News Free Open Source GPU Under Development for RISC-V

hannibal

Distinguished
Interesting... how do They handle the complex gpu related patents? Do They do everything so differently that no patent royaltes Are needed. That Sounds almost impossible.
If this happens, it could mean huge things to gpu market in the long run! Some company like Xiaomi that now makes low cost phones could produce really cost effective GPUs!
So any extra info about the patent situation would be really usefull.
 
Jan 28, 2021
3
0
10
Excellent news ! IMO big Telcos & Networks should take notice : Nokia ,Ericsson, ATT, Verizon, DT, Telefonica , the savings can be huge in new intensive scalable services , the web is just starting to grow , as long as established Media does not break the evolution ahead.
 

hannibal

Distinguished
Maybe, but do They really wait tens of years to wait the patents to go old?
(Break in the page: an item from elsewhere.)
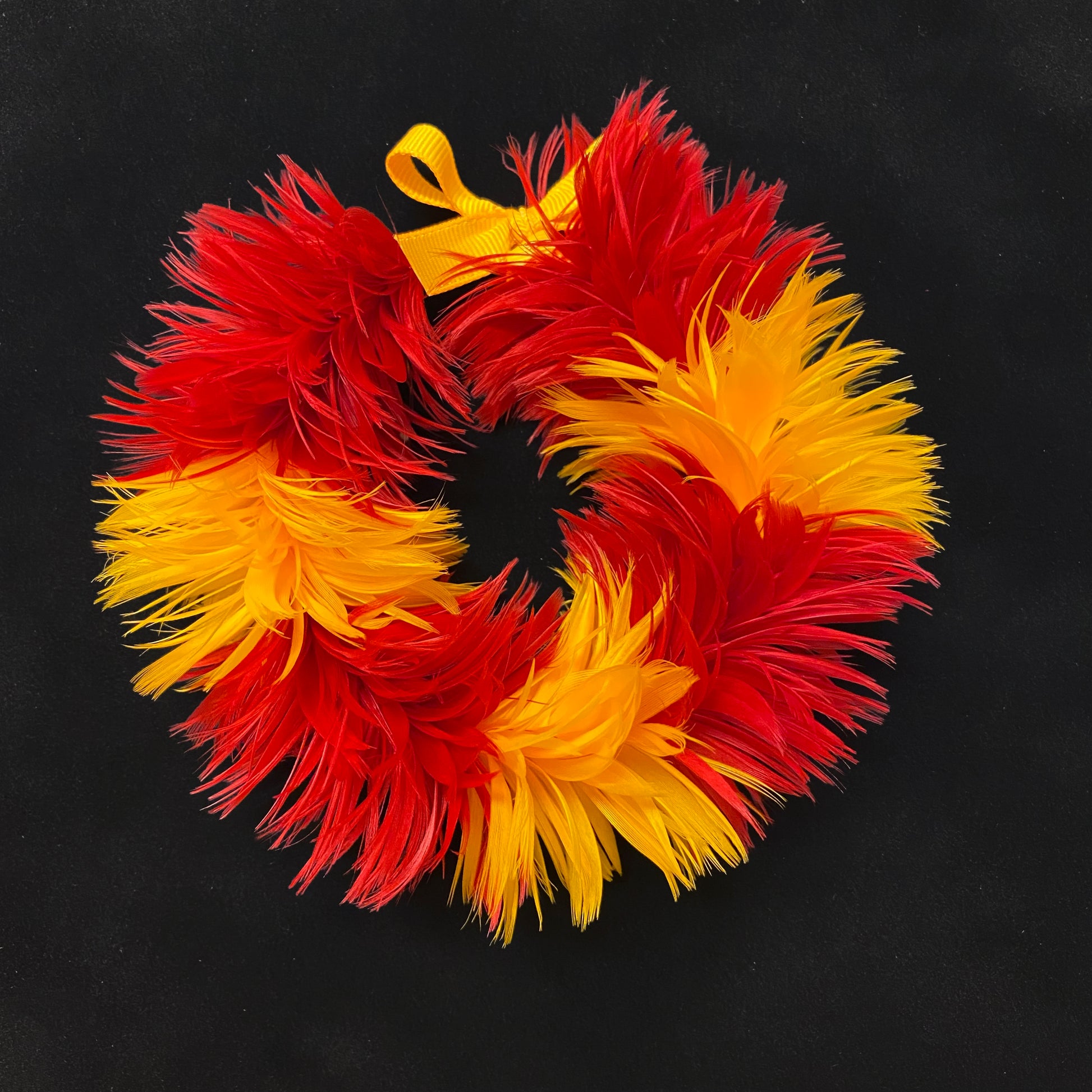 ハワイアン・フェザーレイの達人、ボリス・ケカイウルイカヒキナ・フアンが、この美しいハワイアン・フェザーレイを制作します。彼は、故アンティ・メアリー・ルー・ケクエワという著名なフェザーレイ職人から受け継いだハワイの古来の技法を用い、一枚一枚のフェザーを手作業で結び付けています。

Sounds dubious at best. The patents do get old, but it takes a long time!
There is reason why there Are only two x86 cpu manufacturers... anyone else would get sued to the dead... patent last 20 years and after that those companies make new improvements that get patented, so those GPUs should be always 20 years old technology compared ro competition...
 

castl3bravo

Distinguished
Aug 14, 2013
44
3
18,535
I'm assuming whatever Nvidia did in their GPU hardware isn't something the RISC-V folks need to worry about. This is hardware engineering where the only requirement is a modification to Vulkan, DirectX and OpenGL APIs that allows API to interact with their new GPU hardware. Why waste time trying to copy Nvidia's implementation? The patent trolls, I mean lawyers, would love it if your h/w designed copied parts of Nvidia's.
 
Mar 1, 2021
1
0
10
Interesting... how do They handle the complex gpu related patents?

The article mentions the Vulkan API, which is open-source, and presumably other open-source APIs such as OpenGL, OpenCL, OpenVG, and AMD's FidelityFX (which includes an open-source DLSS-like API) are being considered. DirectX isn't open-source, but I suspect Microsoft doesn't charge a royalty for hardware DirectX support since that encourages sales of the Windows operating system.

Some company like Xiaomi that now makes low cost phones could produce really cost effective GPUs!

Xiaomi probably already uses OpenGL ES in their products.